«Les amis de Dionysos» Écrit par M’barek Housni
Un café littéraire pas comme les autres !
L’idée a germé un jour autour d’un pot. Dans un café, la nuit. Des gens de lettres et d’arts se réunissent généralement le soir venu et parlent, se complètent et complètent leur infos et leur entendement en parlant littérature et art, un peu partout au centre ville à Casablanca. En dehors de tout cadre associatif ni préparation préalable. Il y a toujours un sujet, des sujets intéressants, des noms en vue qu’on décortique ou à qui on érige un piédestal. Un livre par-ci, un film par-là, une expo tout près. On s’est dit : pourquoi ne pas se réunir une fois par mois autour d’un nom et dire ce qu’on a l’habitude de dire mais en y mettant de l’ordre, en y pensant, en l’écrivant. Faire des témoignages écrits et les lire autour d’un nom à qui il faut rendre hommage. Un créateur vivant, et en sa présence effective. Donner à la nuit casablancaise le cachet de l’époque actuelle, lui insuffler cet air culturel qui lui fait tant défaut.
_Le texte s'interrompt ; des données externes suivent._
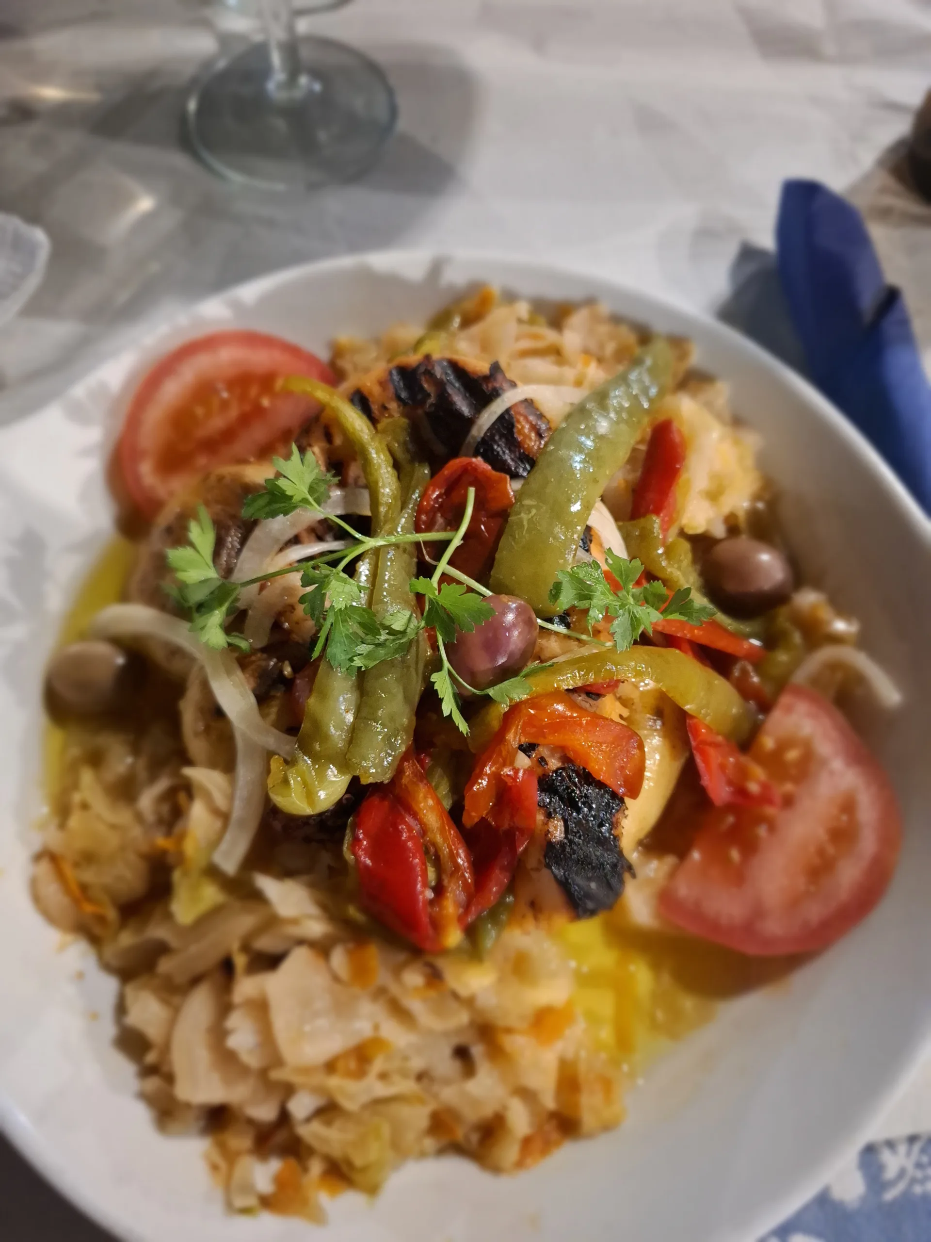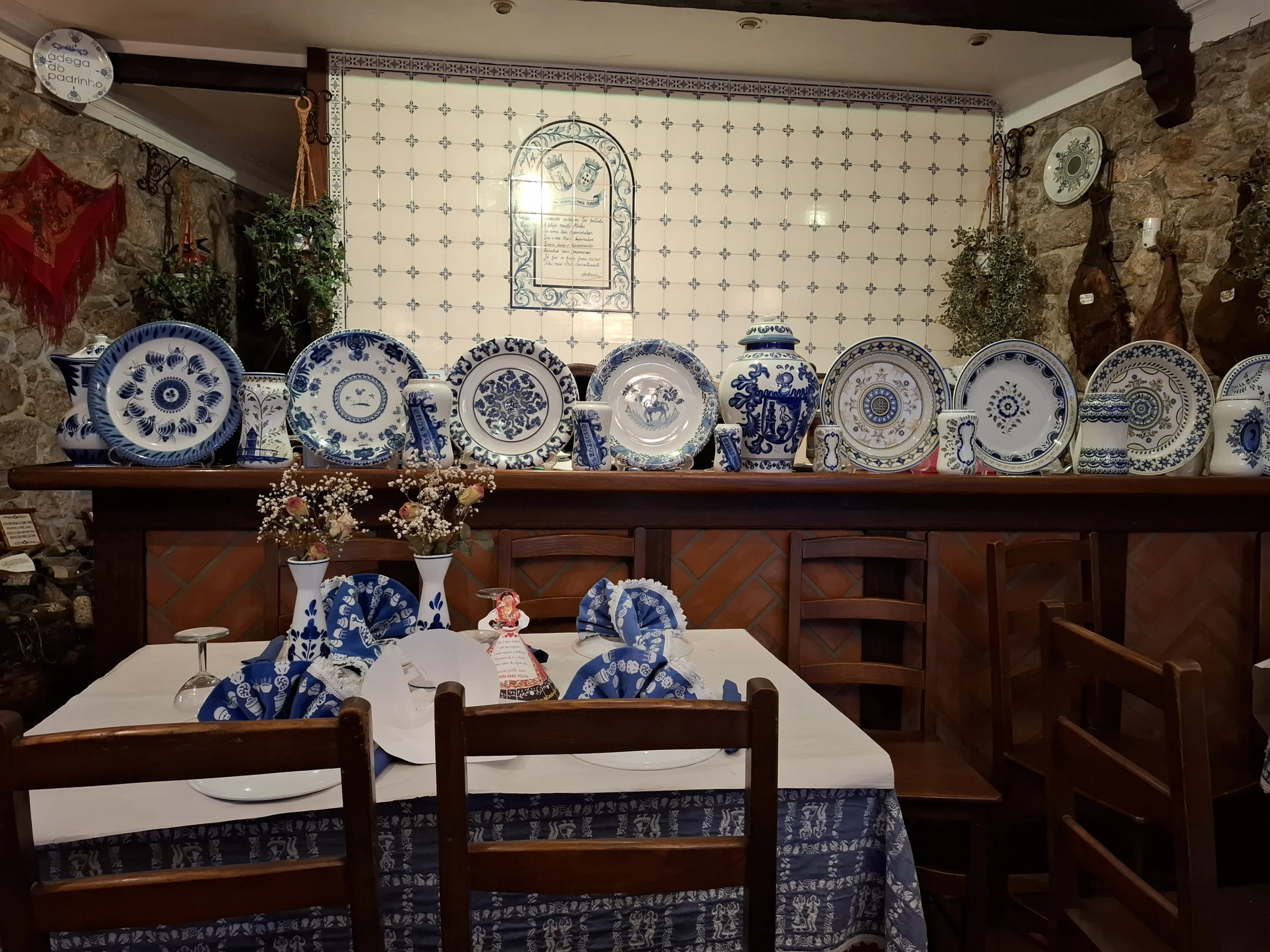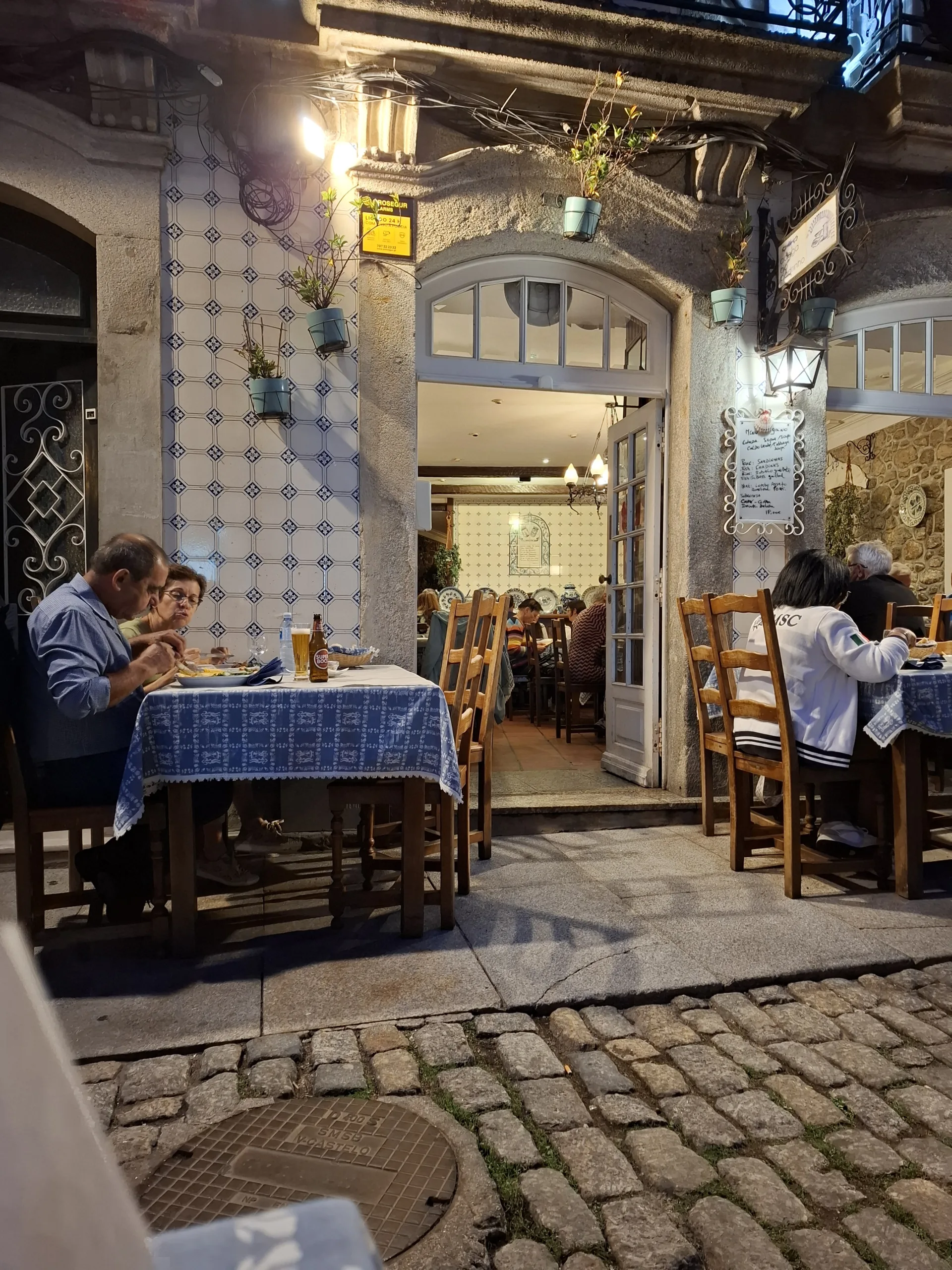 Couráme městečkem, obdivujeme nádherné domy a hledáme kde se najíst. U nábřeží v jedné hospůdce mají vystavené nádherné modrobílé malované talíře. Jdu si je vyfotit a šikovná hospodská nás hned usazuje, přestože mají skoro plno. Obsluhuje ještě s manželem a oba kmitají jak na drátkách. Přesto se na jídlo docela čeká. Ale jsou tu hlavně místní, takže musí vařit dobře. Necháváme si poradit.

Ça s’est fait grâce aux efforts conjugués et enthousiastes du grand poète Mohammed Aaniba Lahmri et du poète et critique d’art Boujemâa Achefri. Deux oiseaux nocturnes de la vieille école mais dans les pieds sont ancrés dans l’eau vive du monde bouillant de modernité, notamment via l’écriture. De ce fait dernier, bien significatif et influent, ils ont créé et entretenu un vrai rendez-vous de la célébration de la création par le mot révélateur et recherché, la joie du compagnonnage culturel, l’écoute attentive, le partage généreux, la bonne humeur sous la houlette de Dionysos, ce maitre des céans fêtardes depuis les éternelles assises olympiennes. Ça se passe dans l’un des lieux les plus mythiques de Casablanca, Boulevard Mohammed V, un café naguère fréquenté, dixit le peintre Ahmed Jarid, par les célèbres écrivains tels Antoine de Saint-Exupéry dont l’avion au temps de l’aéropostale faisait escale tout près, Albert Camus qui y retrouvait son Alger, Edith Piaf qui respirait le même air que son boxeur de champion le casablancais Marcel Cerdan, le grand ciseleur de mots qu’était le poète René Char, et bien d’autres. Ce même café avait vu la naissance de l’une des belles et éphémères expériences poétiques comme la revue «Eaux vives» et la création de la maison de la poésie au Maroc. L’un des rares cafés d’un Casablanca d’antan, celle qui a respiré trop tôt l’air du monde nouveau, celui de la liberté et l’engagement dans le progrès porté par la culture avant tout.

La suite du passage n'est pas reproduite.